**Data for analysis:**
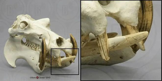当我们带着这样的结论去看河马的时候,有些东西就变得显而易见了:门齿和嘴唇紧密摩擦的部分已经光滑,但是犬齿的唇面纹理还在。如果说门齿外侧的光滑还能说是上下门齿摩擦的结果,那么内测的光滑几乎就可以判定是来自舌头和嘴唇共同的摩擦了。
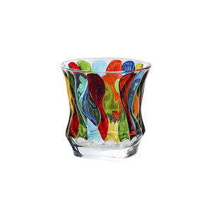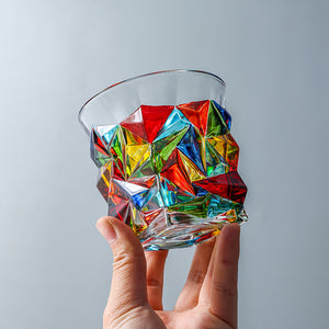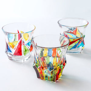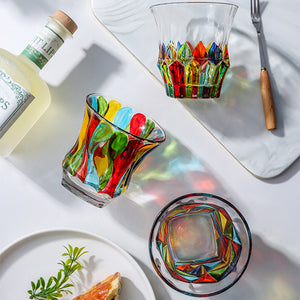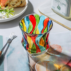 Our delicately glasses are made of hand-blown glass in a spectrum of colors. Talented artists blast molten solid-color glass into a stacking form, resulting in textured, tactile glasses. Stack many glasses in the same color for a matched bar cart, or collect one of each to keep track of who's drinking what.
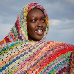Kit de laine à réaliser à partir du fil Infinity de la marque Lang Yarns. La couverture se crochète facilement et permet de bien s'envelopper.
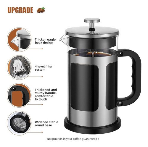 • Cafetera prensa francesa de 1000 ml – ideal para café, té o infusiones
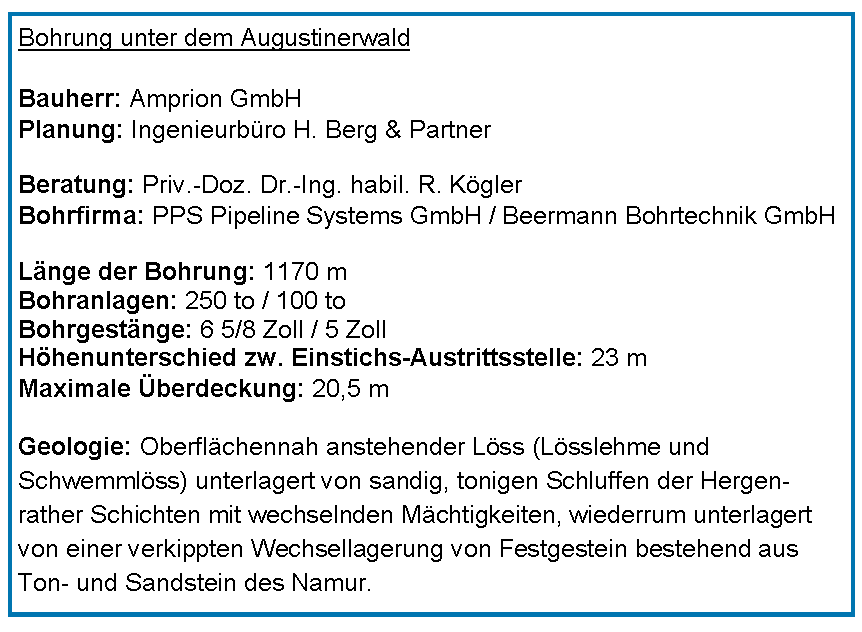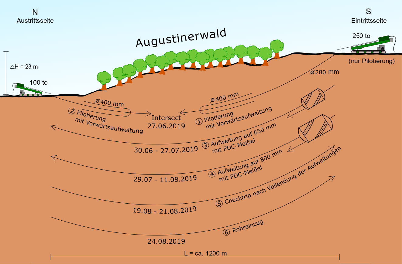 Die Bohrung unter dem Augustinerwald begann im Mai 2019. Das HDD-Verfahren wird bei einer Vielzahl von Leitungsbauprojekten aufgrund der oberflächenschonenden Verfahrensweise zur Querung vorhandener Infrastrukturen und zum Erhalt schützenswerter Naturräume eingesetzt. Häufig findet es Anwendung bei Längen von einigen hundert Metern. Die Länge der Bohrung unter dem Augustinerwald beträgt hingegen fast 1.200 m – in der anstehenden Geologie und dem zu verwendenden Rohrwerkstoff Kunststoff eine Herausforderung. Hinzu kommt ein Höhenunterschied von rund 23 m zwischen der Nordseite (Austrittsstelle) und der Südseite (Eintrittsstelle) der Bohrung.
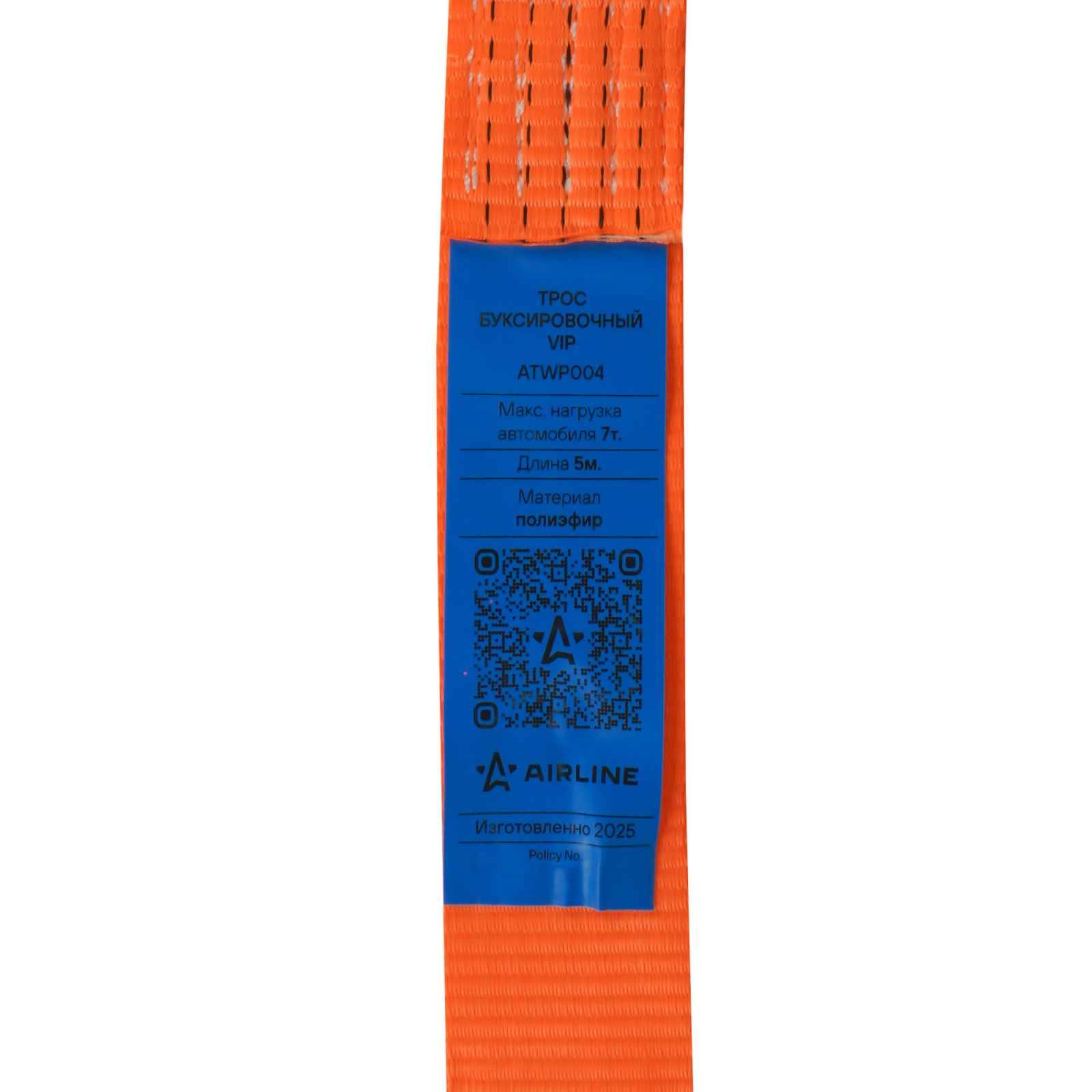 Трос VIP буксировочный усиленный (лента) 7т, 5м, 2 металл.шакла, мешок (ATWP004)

...

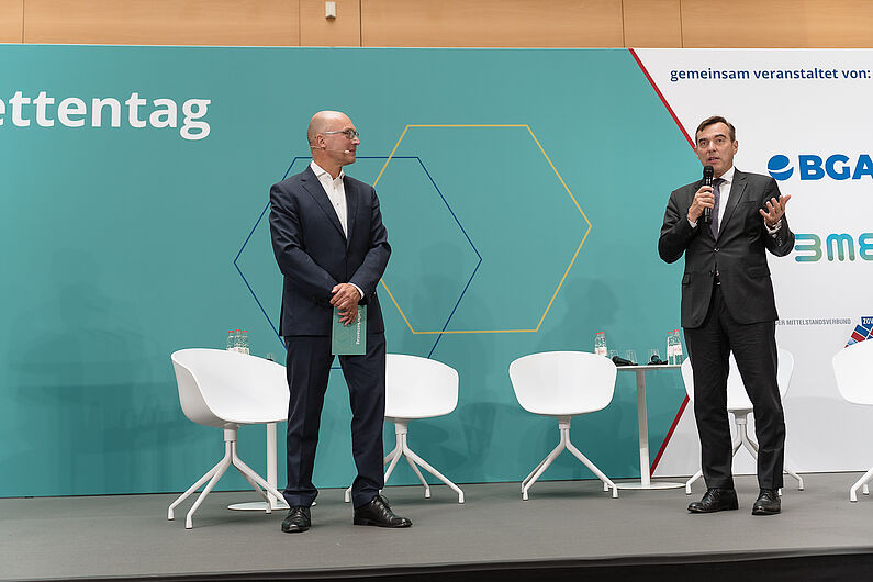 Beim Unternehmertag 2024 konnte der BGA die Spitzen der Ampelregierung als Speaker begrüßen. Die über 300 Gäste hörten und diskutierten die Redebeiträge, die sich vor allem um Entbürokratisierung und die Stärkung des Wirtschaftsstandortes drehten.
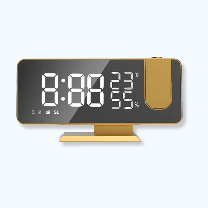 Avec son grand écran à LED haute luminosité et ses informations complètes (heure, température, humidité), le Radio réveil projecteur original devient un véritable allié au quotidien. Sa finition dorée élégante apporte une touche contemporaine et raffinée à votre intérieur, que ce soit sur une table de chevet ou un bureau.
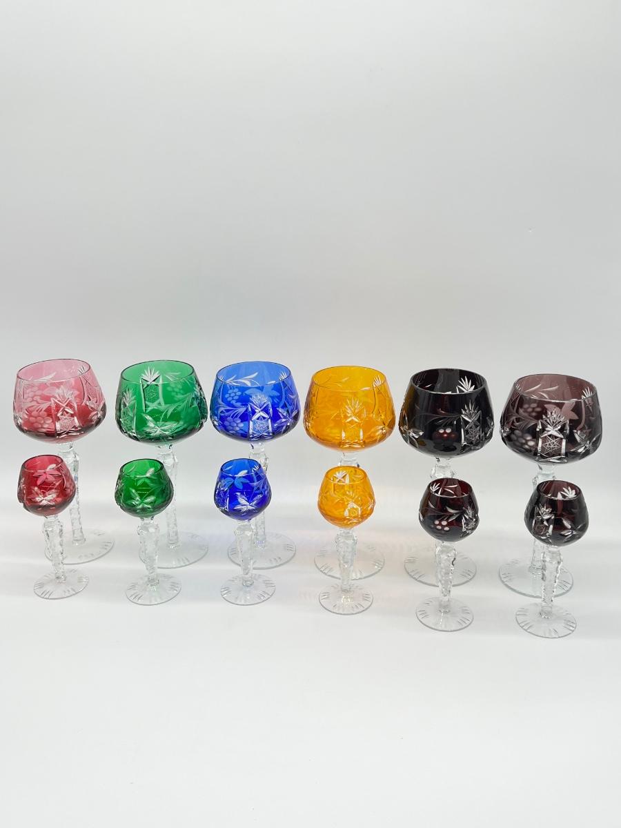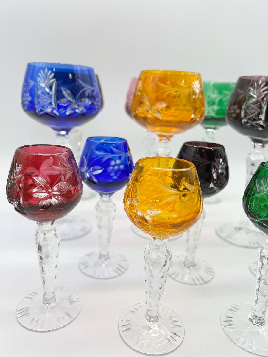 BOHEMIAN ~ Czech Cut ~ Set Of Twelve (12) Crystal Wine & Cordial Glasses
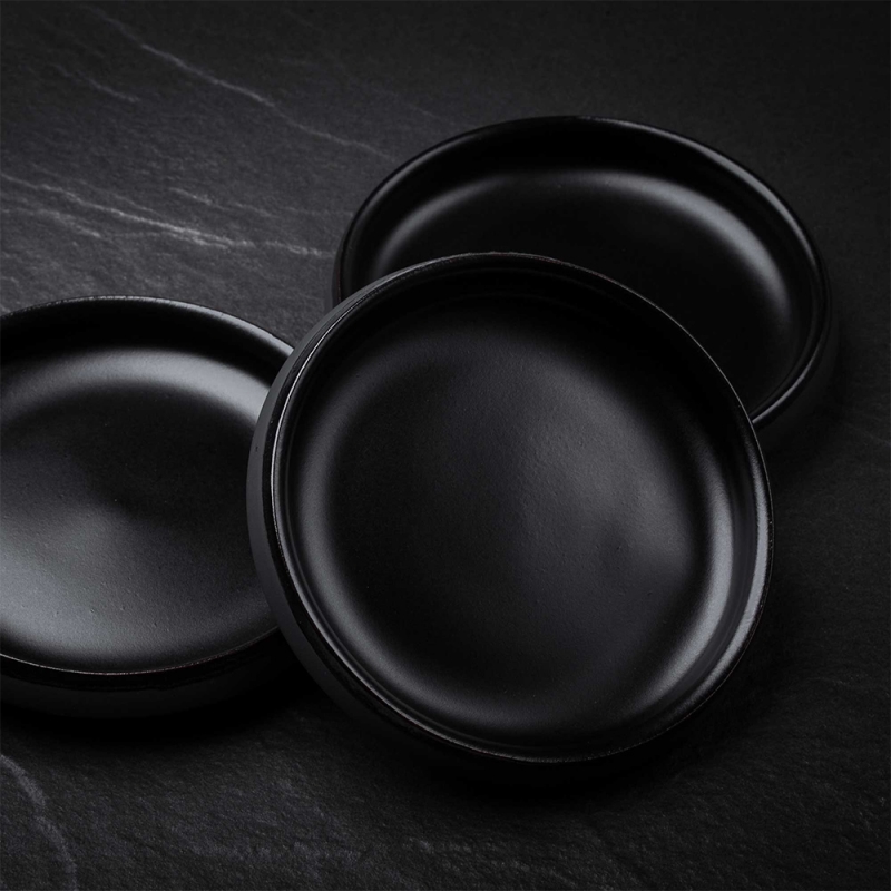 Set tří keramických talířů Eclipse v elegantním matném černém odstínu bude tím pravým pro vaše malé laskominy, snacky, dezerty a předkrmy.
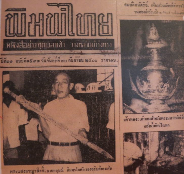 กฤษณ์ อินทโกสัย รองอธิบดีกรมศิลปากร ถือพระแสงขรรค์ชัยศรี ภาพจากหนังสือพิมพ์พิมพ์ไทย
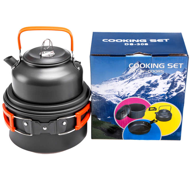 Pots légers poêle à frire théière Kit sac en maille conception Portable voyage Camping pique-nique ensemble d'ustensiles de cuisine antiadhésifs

--

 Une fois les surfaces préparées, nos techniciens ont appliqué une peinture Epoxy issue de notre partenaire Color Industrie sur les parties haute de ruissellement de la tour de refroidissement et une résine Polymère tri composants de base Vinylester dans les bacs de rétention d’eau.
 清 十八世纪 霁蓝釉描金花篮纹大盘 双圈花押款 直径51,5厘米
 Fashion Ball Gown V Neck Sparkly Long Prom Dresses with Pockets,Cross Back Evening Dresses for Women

**Directions for this task:** Exact duplication is required for the lines above, from the line that contains "清 十八世纪 霁蓝釉描金花篮纹大盘 双圈花押款 直径51,5厘米" to the line that contains "Fashion Ball Gown", inclusive; omit all others.

**Exercise answer:**
 清 十八世纪 霁蓝釉描金花篮纹大盘 双圈花押款 直径51,5厘米
 Fashion Ball Gown V Neck Sparkly Long Prom Dresses with Pockets,Cross Back Evening Dresses for Women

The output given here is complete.